I've had my tank set up for at least a few weeks and it appears the ammonia has only just settled down.


----------



## Christor

I will be able to tell you pretty soon, I am using john innes no3 but I let mine on a bin bag to air out (somewhere elements and things wnt get near) as it supposedly lets ammonia evaporate to a degree, though cegs knows better so it would be a better idea, unless you dont fancy baking soil in your oven   

just planted my tank so will wait a littl while before testing, thursday or so then ill ill pm you, but im sure itll be as morgan has stated, a few weeks to stabilise


----------



## Greenview

Thanks; I guess I was a bit optimistic in hoping for a spike lasting a few days only. I will plant densely and throw in some floating plants, if I use a mature filter and daily 50% changes I hope that I can get to stock the tank in a couple of weeks. I have had aquasoil prepared quickly in this way, but it sounds like this may be a longer time than that.

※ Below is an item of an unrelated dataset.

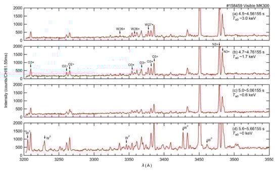 The results of the spectroscopic observations are summarized in this section. The identifications of charge states and the transitions are taken from the NIST database [30]. Figure 4 shows visible spectra including W0, W26+, and W27+ line emissions in the wavelength range of 3200–3550 Å measured using the MK300 spectrometer. Te0 is also indicated for each timing of the data acquisition. W26+ 3337.05 Å (4d104f2 3F, J = 4 → 4d104f2 3F, J = 3), W26+ 3357.61 Å (4d104f2 3F, J = 4 → 4d104f2 1G, J = 4), and W27+ 3377.42 Å (4d104f 2F°, J = 7/2 → 4d104f 2F°, J = 5/2) were observed in the spectra with Te0 = 3.0 keV and 1.7 keV, as shown in Figure 4a,b, respectively. These W26+ and W27+ lines have already been identified as the M1 forbidden transition lines [16,17]. These lines became less significant in the spectrum with Te0 = 0.6 keV as shown in Figure 4c, and completely disappeared in the spectrum with Te0 = 0 keV as shown in Figure 4d. On the other hand, Figure 4d indicated that several W0 lines appeared at the wavelengths of 3205.54 Å, 3229.26 Å, 3346.19 Å, 3427.03 Å, and 3461.26 Å in the spectrum with Te0 = 0 keV [30].
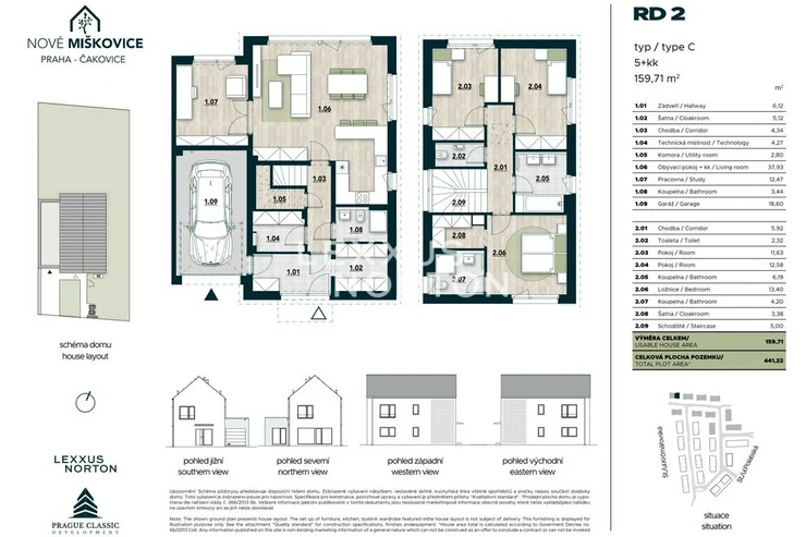 We are offering for sale a spacious four-bedroom family house in the Nove Miskovice residential project, which stands out with its generous usable area of 159.71 sqm and its own plot of land measuring 441.22 sqm. The layout of the house is designed with an emphasis on comfortable family life, plenty of privacy, and a natural connection between the interior and the garden.On the ground floor of the house, there is a spacious living room with a kitchenette and direct access to the garden, a separate room suitable as a study or guest room, a bathroom, a utility room, a storage room, a vestibule, and direct access to the garage. The living area is clearly connected to the garden, which offers plenty of space for relaxation and family activities.Upstairs there are three separate rooms, a bedroom, two bathrooms, a dressing room, and a hallway, which comfortably separates the quiet part of the house from the common area on the ground floor. The layout allows for comfortable living even for a larger family and at the same time provides enough space for working from home.The house is built to a high standard with an emphasis on functionality and long-term cost-effective operation. The furnishings include vinyl flooring from Alpod, SIKO tiles and wall tiles, including accessories, and interior doors of a higher standard. Plastic windows with insulated triple glazing provide plenty of daylight. The house is equipped with a heat pump for heating and hot water and controlled ventilation with air recovery, making the house very energy efficient. The houses are not connected to gas. The house meets energy efficiency standards (PENB: B).Nove Miskovice is being built between Polabska and Krcmarovska streets as a new residential area of Prague – Cakovice. The project will offer a new square with shops, services, and an electrified bus stop.The Praha-Cakovice train station provides connections to the center of Prague in approximately 22 minutes. The location thus offers an ideal balance between quiet family living and accessibility to the city.

I cannot see me getting away with baking compost in the oven, but it sounds like a good idea. I wonder if immersing in boiling water in a bucket has a similar effect or whether it just leeches out all the good stuff in the soil. Anyone know?


----------



## George Farmer

Greenview said:
			
		

> Thanks for that info.
> Anyone know how badly John Innes 3 leeches ammonia?


Not sure but I have read and heard first-hand that it does hugely increase hardness and pH due its lime content.


----------



## ceg4048

Greenview said:
			
		

> I cannot see me getting away with baking compost in the oven, but it sounds like a good idea. I wonder if immersing in boiling water in a bucket has a similar effect or whether it just leeches out all the good stuff in the soil. Anyone know?


Well, the trick is to use someone else's oven. Don't you have annoying colleagues that you would like to avoid but don't have the heart (or guts) to tell them so? Well, invite yourself over to their place and bring your compost. After it's all over, they will avoid you. This strategy is flawless.

In any case, yes, boiling for a few hours works the same as baking for a few hours, except boiling/baking kills all the good bacteria. If the priority is to mineralize though then this should work and the sediment will not leech ammonium/ammonium. The best strategy is to simply soak the compost for a few weeks either in a bucket or in the tank because this way, it mineralizes and you develop the bacterial colonies. You don't really need to put the sediment in a flooded tank and then have all the stress of dealing with ammonia. Soaking for a few weeks is the essence of the Dry Start Method (DSM) and you can even put some emmersed plants in to boot.

Cheers,


----------



## Tim Harrison

Newly submerged soils can release ammonia and other compounds in to the water column which can reach levels that are toxic to fish; but rarely to plants, so plant heavily from the outset this will help reduce ammonia etc to non-toxic levels.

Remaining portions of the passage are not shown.